On Friday 02 May 2008 08:18, Peter Dimov wrote:
What I had in mind is illustrated with the following:
X * px = new X; // px->shared_from_this(); // throws bad_weak_ptr weak_ptr<X> wx = px->weak_from_this(); // OK assert( wx.use_count() == 0 ); // expired shared_ptr<X> sx( px ); assert( wx.use_count() == 1 ); // shares ownership with sx
It's not clear to me that this kind of behavior could be implemented for weak_ptr without changing its specification.
It's compatible with the specification of weak_ptr. use_count() returns the number of shared_ptr instances in the ownership group. Before the shared_ptr line, this number is zero, after it, it's one, exactly what is reported.
Also, it doesn't allow for distinguishing between "object alive but no shared_ptr owner yet" and "shared_ptr expired or object destructed" cases.
Yes, it doesn't.
For the use case of tracking signal/slot connections, the signal would want to be able to distinguish between the two cases, temporarily blocking the connection in the first, and disconnecting it permanently in the second.

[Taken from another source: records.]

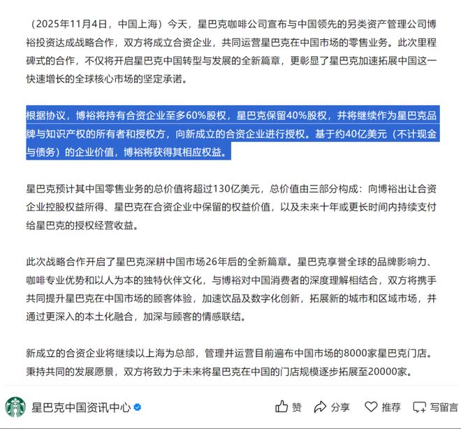 根据星巴克中国官方通告,星巴克与博裕资本将共同成立合资企业运营中国市场,合资公司整体估值为40亿美元,其中博裕资本持股60%。换句话说,星巴克此次出让的交易金额是24亿美元,而非40亿美元。
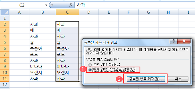 '중복된 항목 제거 경고' 대화상자가 나타나면 영역을 확장할것이니 묻는데요 여기서 B열까지 함께
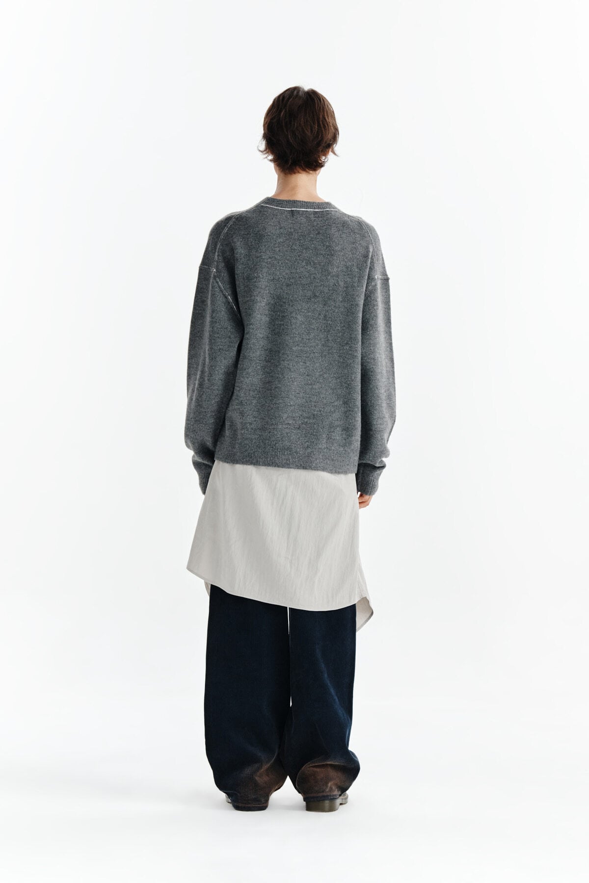 [Matin Kim] COLOR LINE POINT LOGO KNIT PULLOVER IN GREY
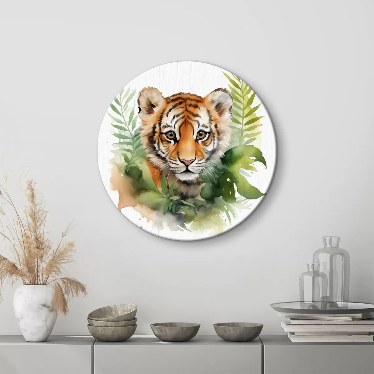 Ronde schilderijen Portret van een tijger in tropische bladeren aquarel Nr r40090
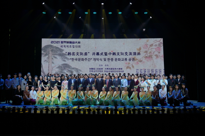 在汉语版《友谊地久天长》、韩文和英文双语版《阿里郎》的合唱声中,世界制造业大会韩国文化周开幕式暨文艺演出圆满结束。(撰稿:方子 王晓茹 摄影/后期:周欣宇 李立豪 摄像:王昭 蒋远望 夏梦慈 初核:束舒娅 审定:吴孔铎)
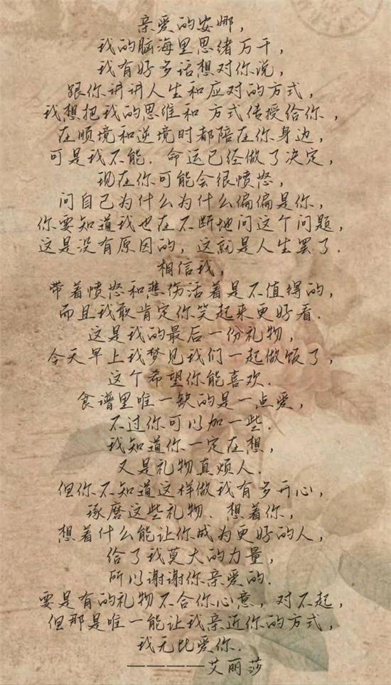2016年8月21日,艾丽莎的女儿出生了,而就在同一天自己却被确诊为乳腺癌晚期。医生告诉她,她的生命仅剩一年,对于艾丽莎而言,最让她不舍的,便是刚刚来到这个世界的女儿。为了让女儿在没有妈妈陪伴的日子中,依然可以感受到母爱,她决定为女儿挑选从1岁到18岁的生日礼物,自行车、洋娃娃、游泳卡,每一件礼物都根据女儿的年龄精心挑选,其中18岁的成人礼物尤其特别,居然是一个贴满了便签的地球仪,每一个便签代表了她希望女儿去到的每一座城市,当礼物全部准备就绪后,艾丽莎却因病情恶化,永远的离开了这个世界。
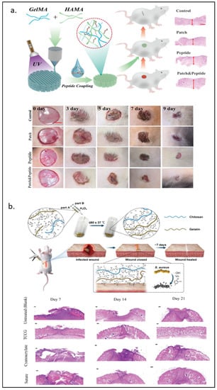 Hyaluronic acid, a type of Glycosaminoglycan (GAG), is an important component of the extracellular matrix (ECM) [105] that has been incorporated into hydrogels in tissue engineering material developments [106,107]. In 2017, Eke and Mangir et al. [33] developed the photo-cross-linkable GelMA and methacrylated hyaluronic acid (HAMA) cell-laden hydrogel for angiogenesis and wound healing purposes. Lee and Park et al. [34] used 3D printing to construct a more complicated structure of a rabbit larynx from GelMA and HAMA. The GelMA-HAMA structure remained stable three weeks after in vivo implantation and induced increased type II collagen expression over time. Recently, Guan et al. [35] covalently attached the novel pro-angiogenic peptide, QHREDGS, onto 3D-printed GelMA-HAMA patches. These patches significantly improved the migration of HDF cells and the tube length formed by HUVECs. As shown in Figure 4a, animal wound healing models also showed the best recovery percentage with the lowest proinflammatory factors expression in the peptide-loaded hydrogel group.
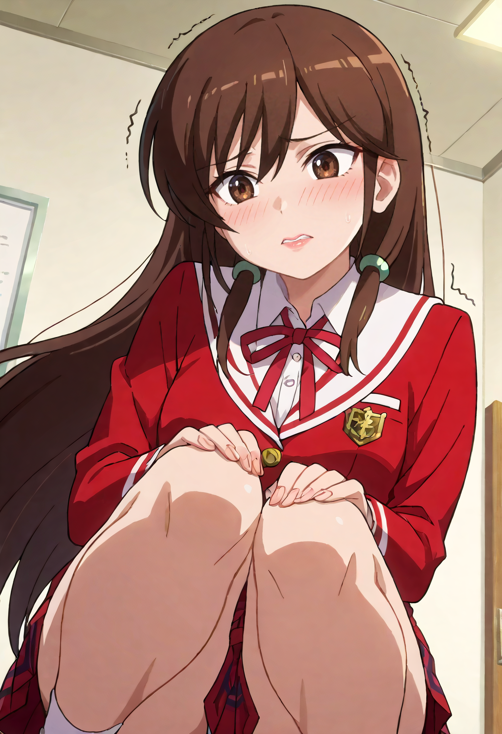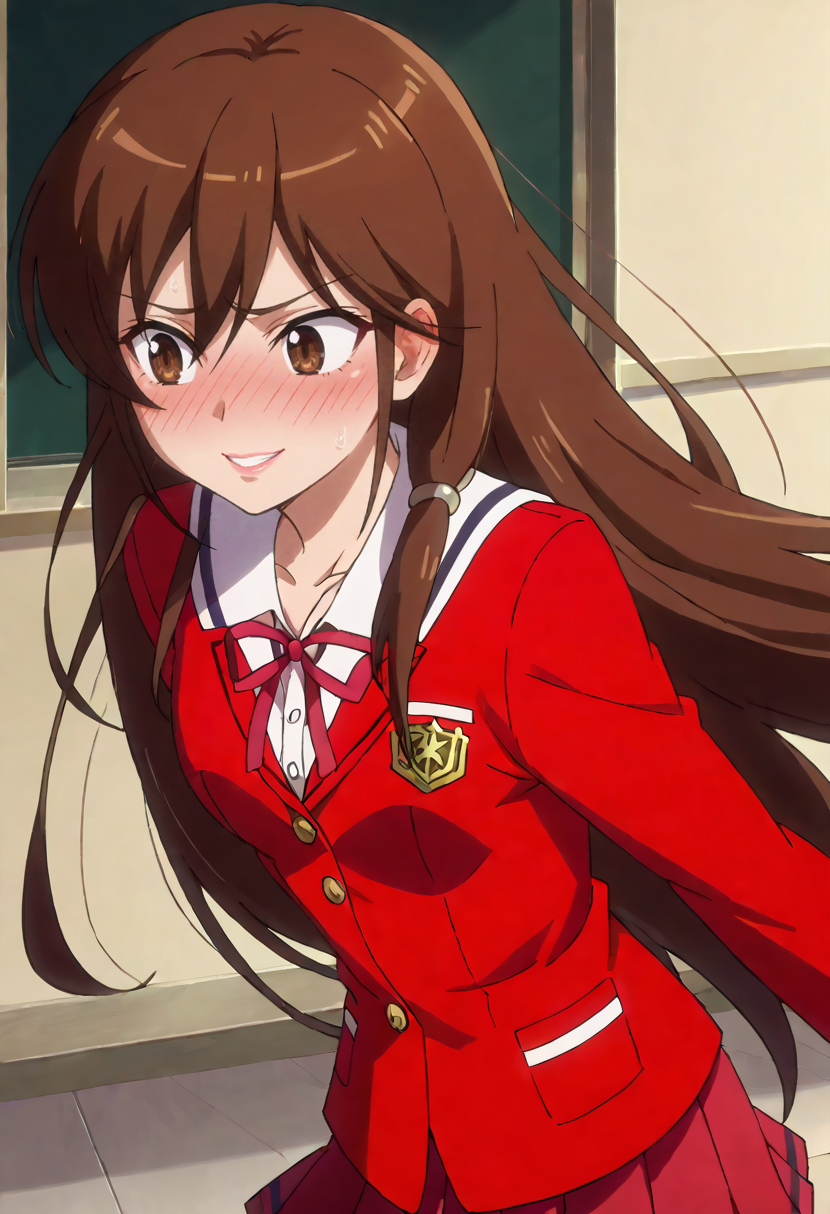 KusunokiSchool, school uniform, ribbon, jacket, long sleeves, school emblem, red ribbon, emblem, bow, shirt, hair ornament, skirt, blazer, sailor collar, neck ribbon, pleated skirt, buttons, white sailor collar, collared shirt, red jacket, red skirt,
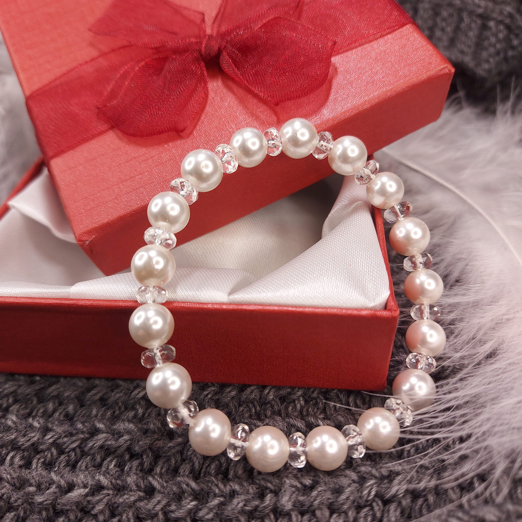 Lasturové perly a křišťálové rondelky. Perly jsou nádherné, magické a opředené mnoha legendami. Ta nejvíce známá je o tom, že když jsou darovány, tak přinášejí štěstí! A krišťál vám dodá harmonii a čistotu. Tak neváhejte a darujte vánoční štěstí. Dodáváme dárkově zabalené v krásné krabičce. Velikost perel je 8 mm.
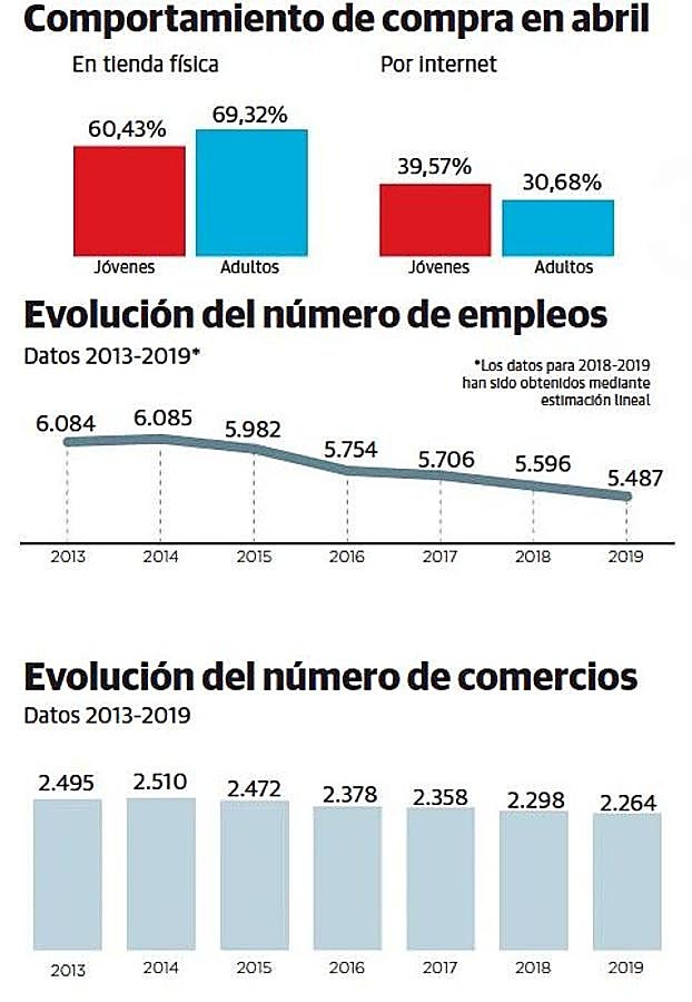 En lo que a empleo se refiere, desde 2013 a 2019 se pasó de 6.084 empleos a 5.487, con una caída del 10,87%. Lo mismo sucedió con los establecimientos físicos, cuyo número también bajó el 10,2% en este periodo, para ir de 2.495 a 2.264. Estos comercios se encontraban, sin embargo, en una ciudad cuya población fue subiendo desde el año 2000 el 14,6% hasta llegar a los 152.727 habitantes de 2019, si bien con un progresivo envejecimiento.
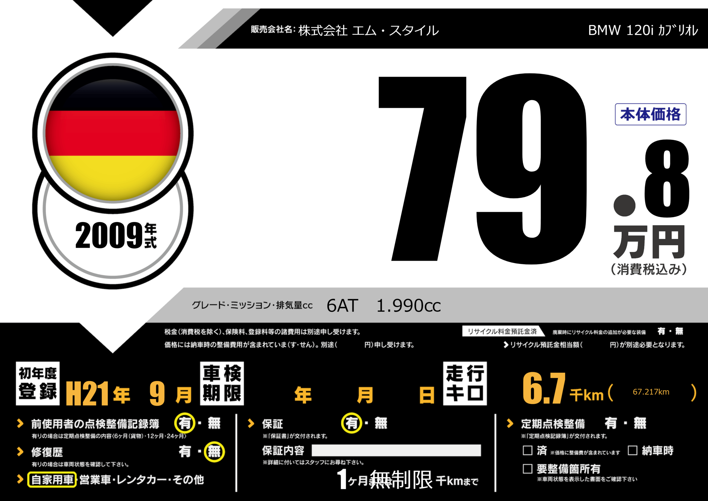 | 車名 | BMW 120i カブリオレ | グレード ミッション 排気量 |
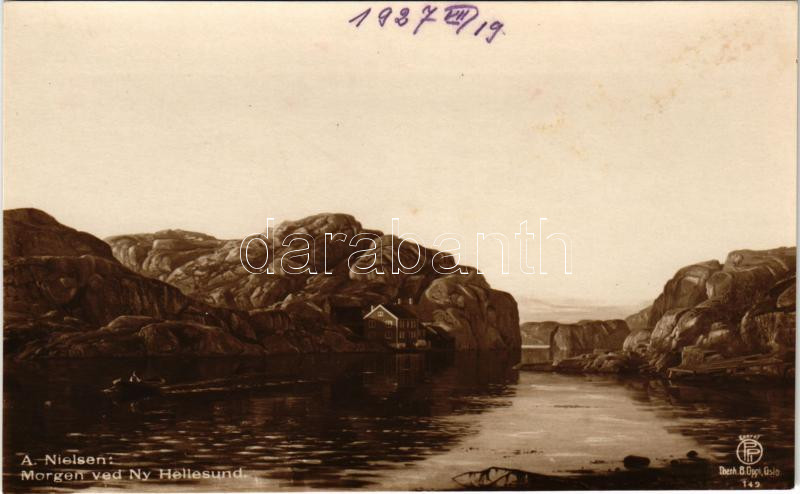 1927 Ny Hellesund, Morgen ved Ny Hellesund s: A. Nielsen https://www.darabanth.com/hu/484-Gyorsarveres/484.0/Kepeslapok/Norvegia~2000099/1927-Ny-Hellesund-Morgen-ved-Ny-Hellesund-s-A-Nielsen~II3258964
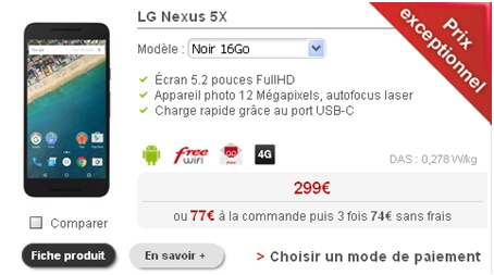Le Google Nexus 5X est désormais proposé chez Free Mobile à 299€ au lieu de 429€ soit une baisse de prix de 130€. Profitez-en ! Et si vous le souhaitez vous pouvez payer seulement 77€ à la commande puis 74€ par mois pendant 3 mois.
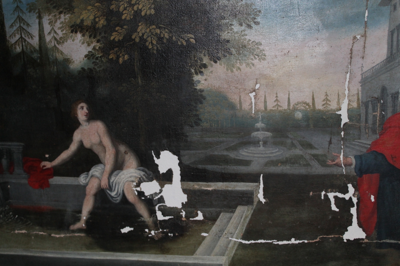 - NOTIZIE STORICO CRITICHE Il dipinto, inventariato come opera di ignoto, è opera discreta situabileper il taglio della scena e la vegetazione nordica, in ambiente fiammingo agli inizi del seicento
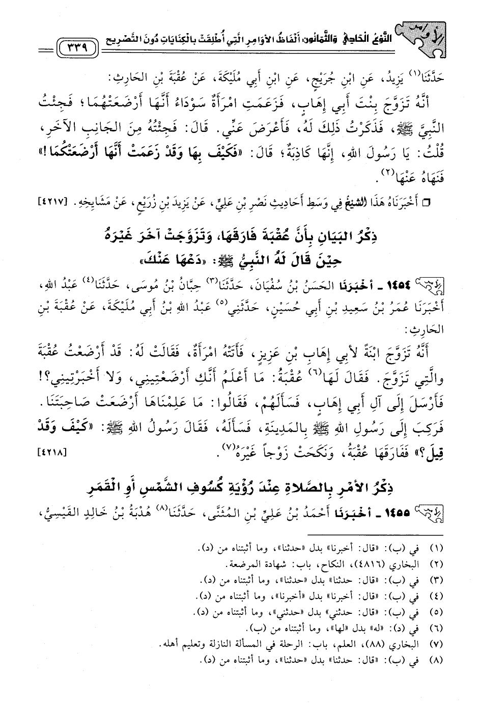 ١٤٥٤ - أَخبَرنا الْحَسَنُ بْنُ سُفْيَانَ، حَدثنا حِبَّانُ بْنُ مُوسَى، حدثنا عَبْدُ اللهِ، أَخبَرنا عُمَرُ بْنُ سَعِيدِ بْنِ أَبِي حُسَيْنٍ، حَدَّثَنِي عَبْدُ اللهِ بْنُ أَبِي مُلَيْكَةَ، عَنْ عُقْبَةَ بْنِ الْحَارِثِ، أَنَّهُ تَزَوَّجَ ابْنَةً لأَبِي إِهَابِ بْنِ عَزِيزٍ، فَأَتَتْهُ امْرَأَةٌ، فَقَالَتْ لَهُ: قَدْ أَرْضَعْتُ عُقْبَةَ وَالَّتِي تَزَوَّجَ، فَقَالَ لَهَا عُقْبَةُ: مَا أَعْلَمُ أَنَّكِ أَرْضَعْتِينِي وَلَا أَخْبَرْتِينِي، فَأَرْسَلَ إِلَى آلِ أَبِي إِهَابٍ، فَسَأَلَهُمْ، فَقَالُوا: مَا عَلِمْنَاهَا أَرْضَعَتْ صَاحِبَتَنَا، فَرَكِبَ إِلَى رَسُولِ اللهِ صَلى الله عَلَيه وسَلم بِالْمَدِينَةِ فَسَأَلَهُ، فَقَالَ رَسُولُ اللهِ صَلى الله عَلَيه وسَلم: "كَيْفَ وَقَدْ قِيلَ؟ " فَفَارَقَهَا عُقْبَةُ، وَنَكَحَتْ زَوْجًا غَيْرَهُ. [٤٢١٨]
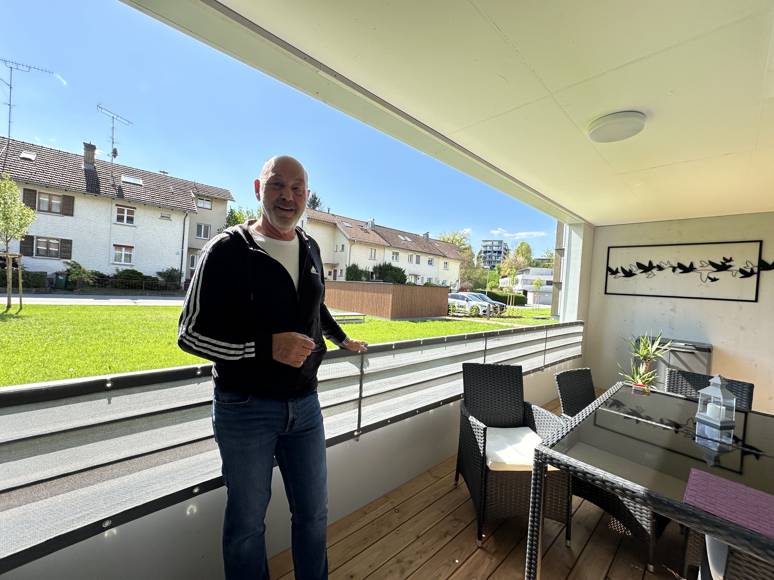 Er lobt die neue Wohnung für ihre Helligkeit, den großen Balkon, die Raumeinteilung und die Fußbodenheizung. Der sechs Meter lange Balkon hat es ihm angetan: "Da kann man sich wirklich aufhalten. Da kann man auch am Abend mit Kollegen zusammensitzen." Auch die Mitgestaltung im Vorfeld sei vorbildlich gewesen: "Wir hatten alle Möglichkeiten – Küchenplanung, Möbelmaße, Pläne. Besser kann es nicht gehen." Nur ein, zwei frühere Nachbarn vermisse er. Doch diese hätten noch die Möglichkeit, ebenfalls eine neue Wohnung zu bekommen.

In the first case, the signal should proceed to invoke the slots without the one that is in process of being constructed. I agree that it makes it hard to automatically disconnect the connection when its weak_ptr expires. In theory, you can avoid this by simply not disconnecting automatically.
What does seem to have the right semantics is for weak_from_this() to return something like a shared_ptr<weak_ptr<T> >. Every call would return a shared_ptr that points at the unique weak_ptr which will be assigned the object's owning shared_ptr.
It seems to me that now you have a data race on the weak_ptr target, which would require synchronization. There's a similar data race hidden in the above case as well, but it's not visible to the user (and seems less fequent, although I could be wrong).